Tuesday, April 1, 2014

Being Chamorro, Missing My Father and Thomas Jacob Black.

Reflecting on my weekend in California. March 27-March 31, 2014

It had been a year and a half since I left San Diego, California. A place that became my home after I moved from Guam, the obligation of being a Navy wife. After 8 years of setting down semi-permanent roots, really being more like a potted plant, we moved north.

I had to loosen ties with the Chamorro group CHE’LU and hence my participation in their 4th Annual Chamorro Cultural Fest in 2013. (Don't get me started on my San Diego Comic Con withdrawal). But, this last weekend, I spent four days in California, attending the fest, the Uno Hit Conference and reconnecting with family and friends.

SATURDAY: Being at the fest was like I was set on a cultural recharge docking station. I didn’t realize how much I needed to reconnect until I was actually there. I enjoyed the sun that day. Jacobs Market Creek Plaza is really a little utopian gem with its mini cultural houses. It was great to see colleagues and friends and family. I set out to sell 200 books, but only met a quarter of that goal and I thank those who took the time to purchase my books. Thank you to Sandy and Dr. Judy Flores of Guam Batik Gallery, our tireless and wonderful booth mates.
I made many new friends, like the talented artist, author, vet and fellow Chamorrita, M.B. Wilmot, best known as The Desert Warrior. I thanked Rear Admiral Peter Gumataotao for his service. He is the highest ranking Chamorro in the Navy and he makes us all proud.
I spent time catching up with old friends who told me for weeks how excited they were that I was coming back to town. I’ve been honored by the love my San Diego family has shown.



SUNDAY: Uno Hit’s 2nd Annual Conference was held Sunday at the Sons and Daughters of Guam Clubhouse. My mali’ and business sister of Guam Books and Beads and I attended, our sore feet and sun soaked skin barely recovering from the fest the day before. In our stillness during the conference, it was our brains and my Chamorro heart that worked overtime.

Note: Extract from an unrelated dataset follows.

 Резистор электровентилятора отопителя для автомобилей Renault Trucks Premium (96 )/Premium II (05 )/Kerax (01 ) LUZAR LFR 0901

I was moved by Sakman leader and cultural enthusiast, Mario Borja. His repetitive message that yes, his endeavor of sailing the sakman (canoe) to Guam from the mainland may be “crazy” resonated with me. They are willing and prepared for this passionate journey and who are we to judge this quest. If we squashed every ‘crazy’ idea we have, then we can never move forward and dream any impossible dreams.

When master Chamorro dance instructor, Frank Rabon took the stage to present, I was hungry for his knowledge on Guam history. I was awestruck by his understated poetic descriptions and his eloquent explanations. I learned so much from his presentation that I wanted more.

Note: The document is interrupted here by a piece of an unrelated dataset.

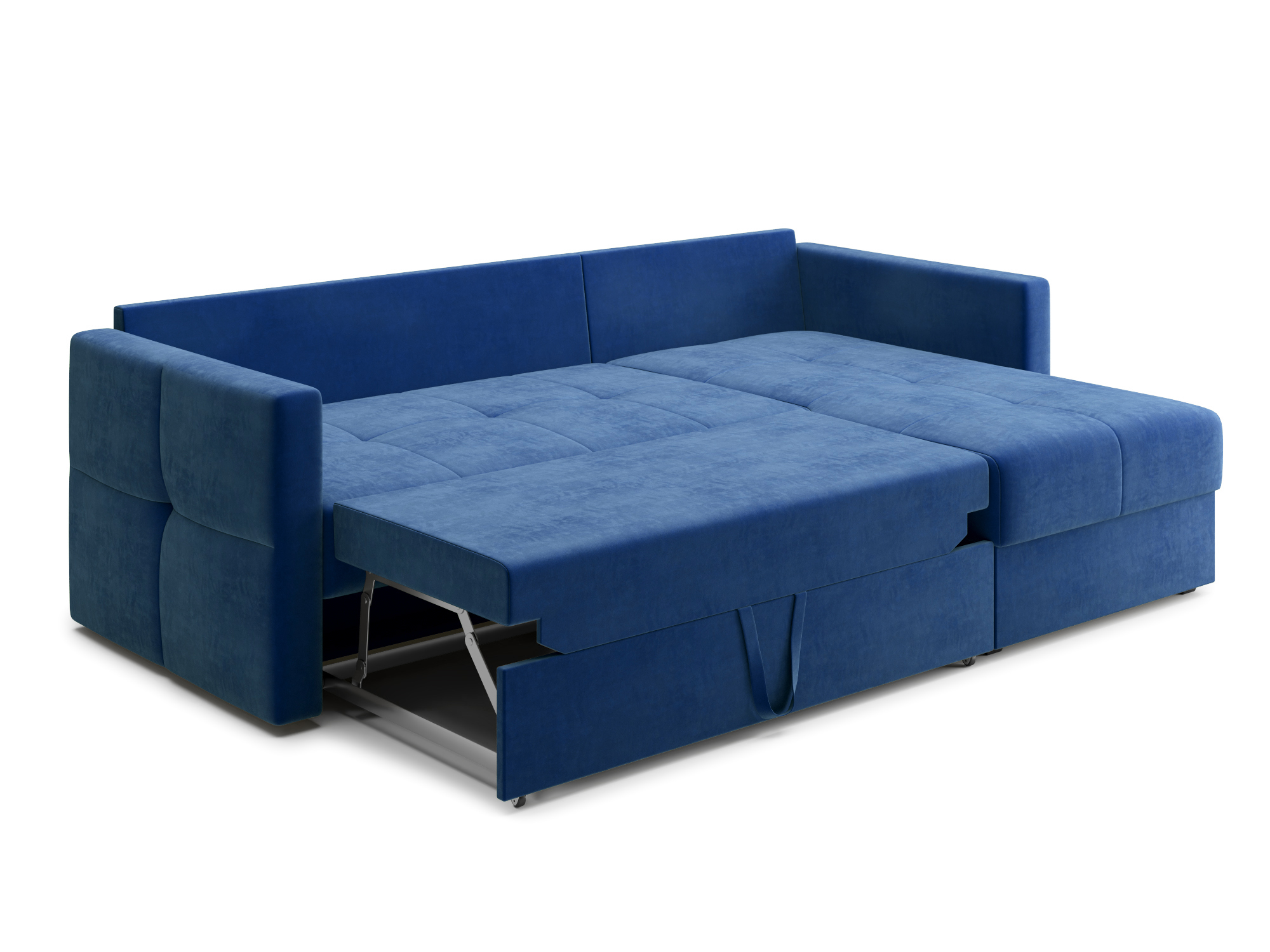 - Механизм раскладки дельфин – основан на выкатывании дополнительной платформы, скрытой под сидением дивана. Чтобы разложить диван, нужно потянуть за специальные ремешки, помогающие перемещать элементы конструкции. В результате этого действия нижняя часть дивана начнёт перемещаться. Делать это нужно до тех пор, пока часть не выдвинется максимально вперед. Затем следует немного приподнять элемент и упереть в противоположную часть, которая осталась неподвижной. Под сиденьем дивана находится короб для хранения вещей и постельных принадлежностей.

Then, Inetnon Gefpa’go’s leader, Vince Reyes took the stage, inhabiting a different energy. He was engaging and spoke quickly and passionately. I loved learning about his evolution as the leader of the wonderful dancers we know today. He was candid in his struggles to portray the Chamorro culture in a way that was true to our people and true to his creative soul. His video of his dancers portraying Guam’s comfort women (*video below) left nearly everyone in tears. Set to Taylor Swift’s song, “Safe and Sound” and understated in shadows, I was moved to tears and spoke passionately to Vince after the conference to let him know that I see him, I understand his vision and I appreciate his voice.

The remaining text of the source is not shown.